[Data to use Boundary: Start]

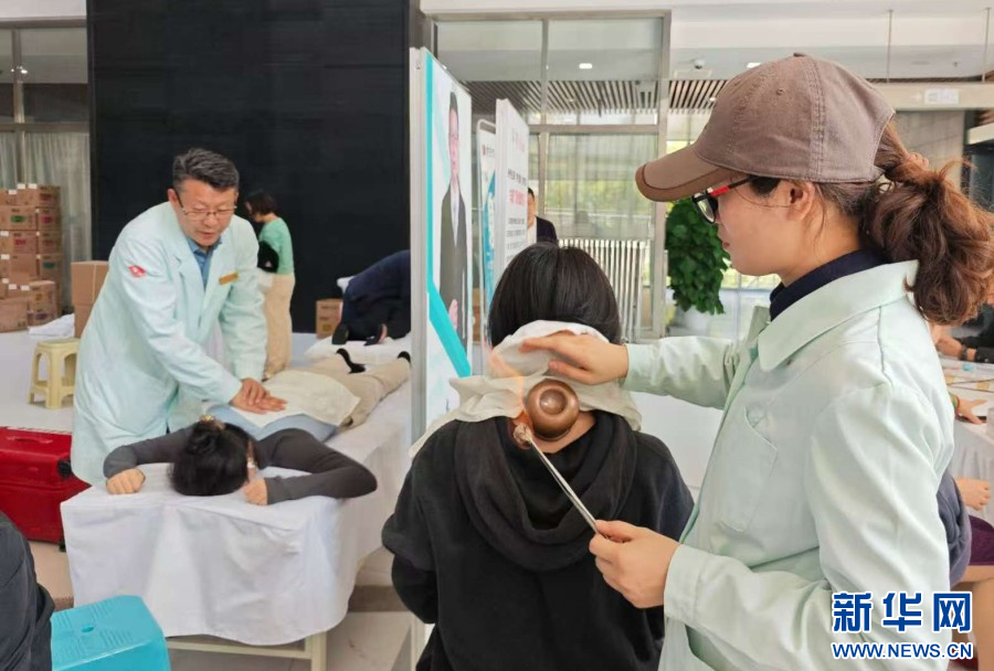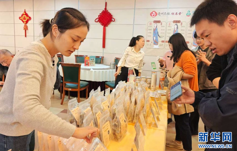 新华网合肥10月13日电(李东标)牛肉干、花茶、药妆、艾灸养生锤等特色产品琳琅满目;智能机器人通过扫描人体舌苔开展“AI问诊”;“非遗”铜火罐对症下罐,让患者气血通畅……10月13日,在新华社综合楼一楼大厅,一场亳州特色产品展销和中医药养生盛宴拉开帷幕,吸引了众多现场观众驻足购买和体验。
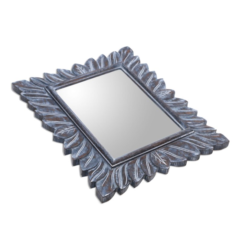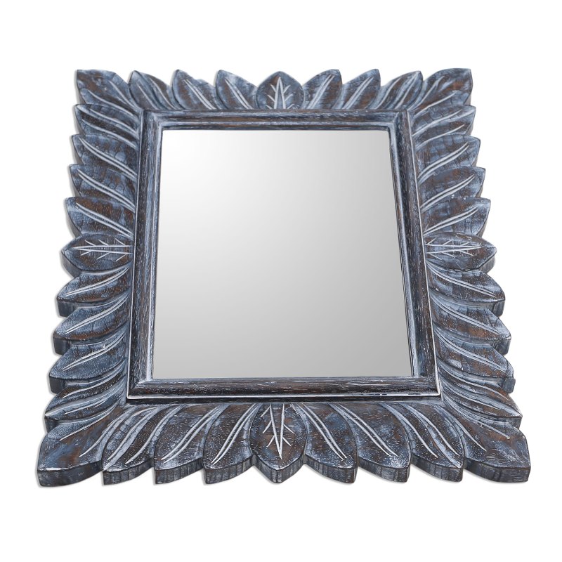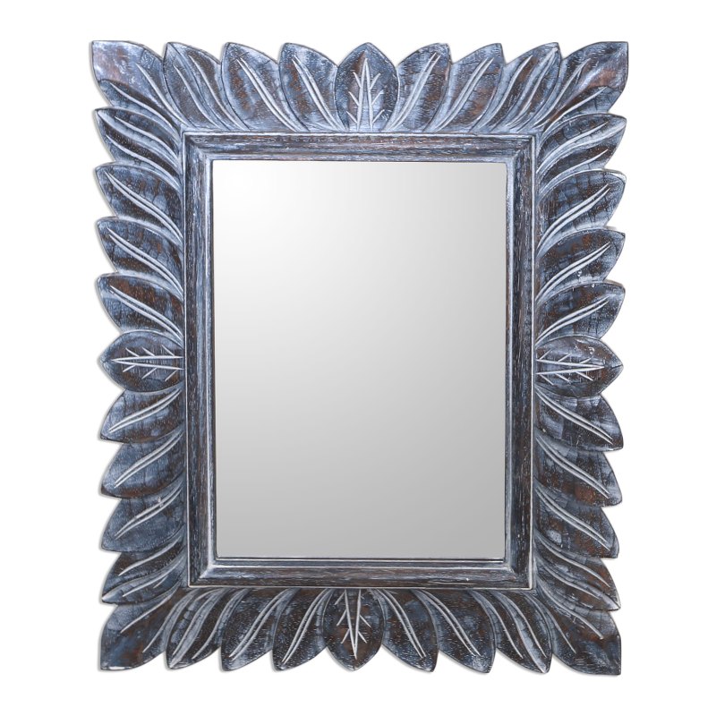 Inspired by the forests of the Plaga region in Bali, Dewa Semadi creates this elegant wall mirror. The frame is carved by hand from durian wood, revealing leafy patterns that are treated with a subtle white and blue wash.
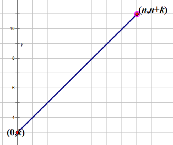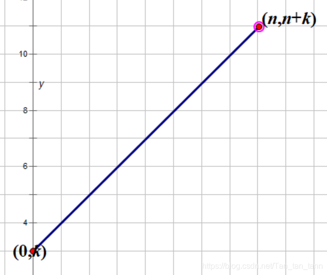 我们定义横坐标为当前来了的10元,纵坐标为当前来了的20元,起点为(0,0)。很明显,如果这个点移动到直线上面就不合法了。而终点是(n,m)我们求的是一直在直线下移动到终点的方案数。
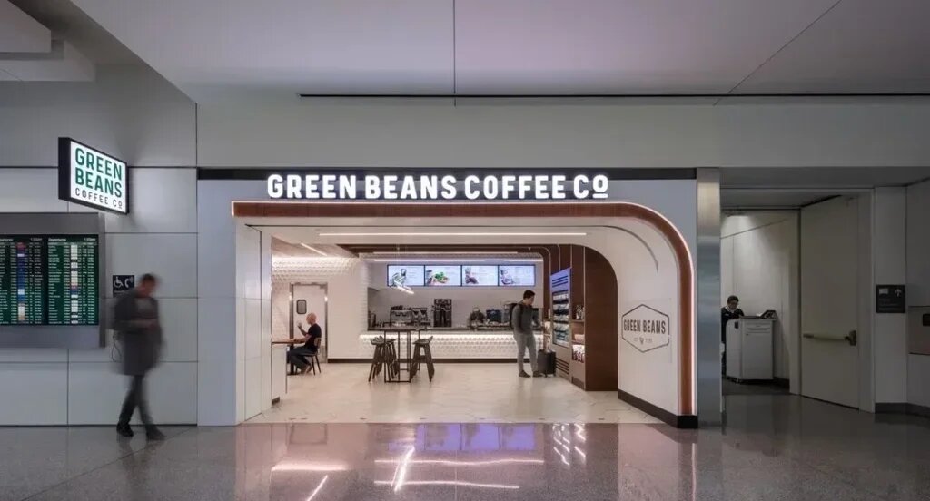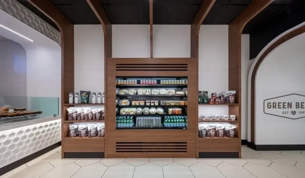 Critical to the design for Green Beans’ new outpost in the International Terminal at SFO was the company’s desire to create “cafes of calm” for busy people. WDA realized a comfortable environment evoked through natural materials, warm lighting and textured finishes. At the entrance, the outline of walnut, which sweepingly curves down from the ceiling to the coffee brand’s logo, initiates a welcoming gesture, while framing a view into the space.
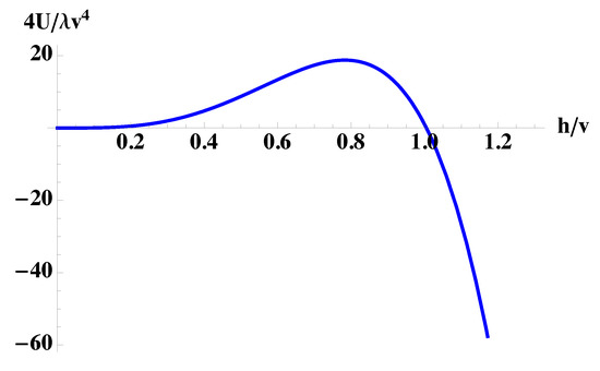 For the regularization scale , in (51), the VEV of the Higgs field can be chosen as v since this is the scale where the running SM parameters still can be associated with the experimentally observed values so that the Higgs potential is to be well approximated by its classical form. It is known that the leading terms of the one-loop corrections (corresponding to the t quark, W and Z bosons, Higgs and Goldstone bosons, respectively) are [5,6,7,8,9],
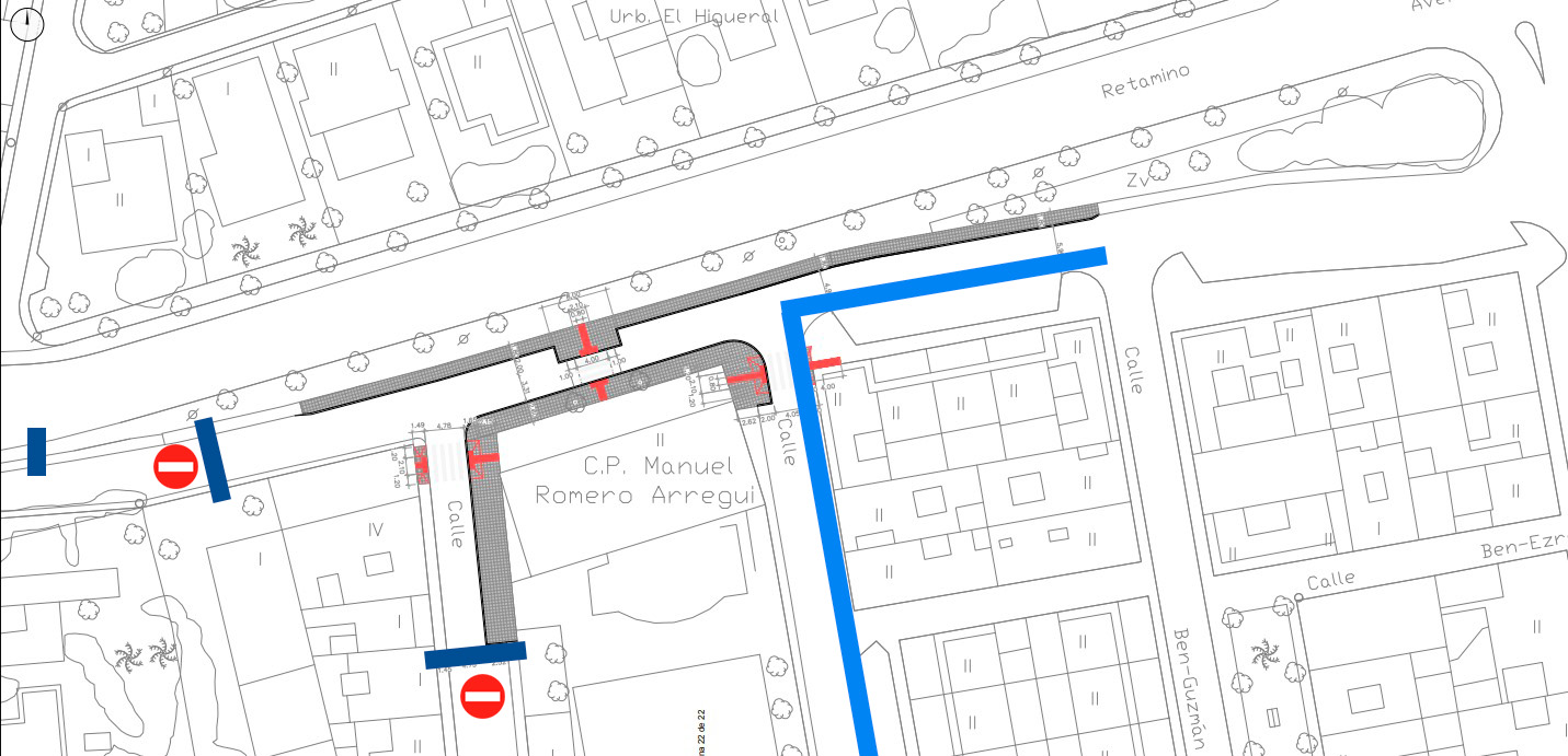 Las obras de reparación del acerado en las proximidades del colegio Manuel Romero Arregui, en concreto en las calles Alcalde Retamino, Juan María Coca y Rumayquilla, obligan a restringir la circulación rodada y peatonal en la zona.
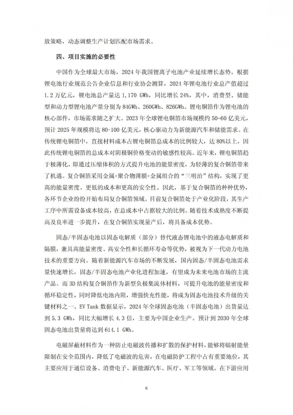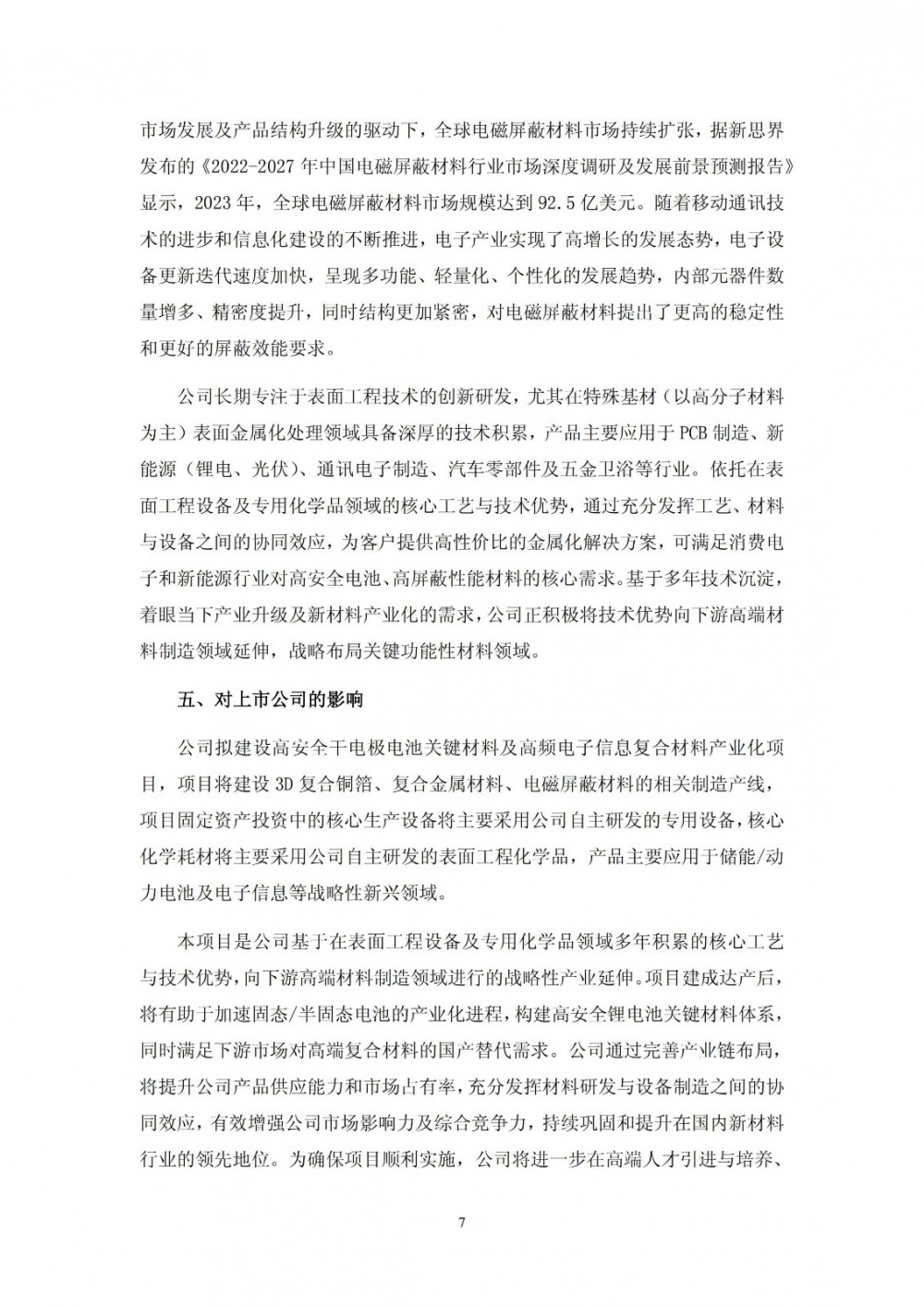 三孚新科表示,公司拟建设高安全干电极电池关键材料及高频电子信息复合材料产业化项目,项目将建设3D复合铜箔、复合金属材料、电磁屏蔽材料的相关制造产线,项目固定资产投资中的核心生产设备将主要采用公司自主研发的专用设备,核心化学耗材将主要采用公司自主研发的表面工程化学品,产品主要应用于储能/动力电池及电子信息等战略性新兴领域。

[Data to use Boundary: End]

With the pictures left out, write out exactly the lines above from the one containing "Inspired by the" through the one containing "Critical to the".

* Solution to the exercise:
 Inspired by the forests of the Plaga region in Bali, Dewa Semadi creates this elegant wall mirror. The frame is carved by hand from durian wood, revealing leafy patterns that are treated with a subtle white and blue wash.
 我们定义横坐标为当前来了的10元,纵坐标为当前来了的20元,起点为(0,0)。很明显,如果这个点移动到直线上面就不合法了。而终点是(n,m)我们求的是一直在直线下移动到终点的方案数。
 Critical to the design for Green Beans’ new outpost in the International Terminal at SFO was the company’s desire to create “cafes of calm” for busy people. WDA realized a comfortable environment evoked through natural materials, warm lighting and textured finishes. At the entrance, the outline of walnut, which sweepingly curves down from the ceiling to the coffee brand’s logo, initiates a welcoming gesture, while framing a view into the space.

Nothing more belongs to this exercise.